La même source précise que cette décision « intervient suite à la mesure prise de retenir et d’interdire de vol, à l’aéroport de Bruxelles, un avion d’Air Algérie alors que toutes les voies de recours auprès des instances judiciaires compétentes n’ont pas été épuisées ».

Pour rappel, l’appareil assurant la liaison Alger-Bruxelles a été retenu sur décision de la justice belge a cause d’un litige opposant la compagnie algérienne à la société néerlandaise K’AIR BV.

Le litige concerne un contrat de vente d’appareils réformés signé en 2008, selon Air Algérie. K’AIR BV n’a pas mis en place le financement comme prévu, « en dépit des facilités » qui lui ont été accordés, et, après une mise en demeure pour faute d’exécution, la compagnie algérienne a procédé fin 2009 à la résiliation du contrat, avait précisé samedi Air Algérie.
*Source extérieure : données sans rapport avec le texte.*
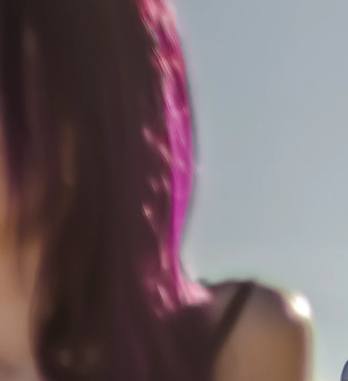 I'm done with editing my photo and noticed this hard edge in the hair of the model (made the photo with f1.8 so don't wonder about the blurry look). How can I delete it WITHOUT Photoshop, just with Lightroom? And how could this happen? Which setting caused this?

La société néerlandaise a toutefois engagé en 2011 une procédure d’arbitrage auprès de la Cour internationale d’arbitrage, qui a rendu le 31 mars un jugement condamnant Air Algérie. En mai, la compagnie algérienne a engagé un recours en annulation. En dépit de cette procédure, K’AIR BV a fait procéder à la saisie de l’appareil vendredi à Bruxelles.*algerie1.com–Par Lila Ghali | 14/12/2014 

*La version d’Air Algérie

brusges

La compagnie nationale Air Algérie a rompu le silence observé depuis près de 24 heurs au sujet de la saisie de son avion en partance depuis l’aéroport de Bruxelles (Belgique) et ce en application d’une décision de justice à son encontre, en indiquant, samedi, dans un communiqué que la saisie en question a été faire suite « à un litige avec la société néerlandaise K’AIR BV, malgré la procédure légale engagée par la compagnie aérienne algérienne ».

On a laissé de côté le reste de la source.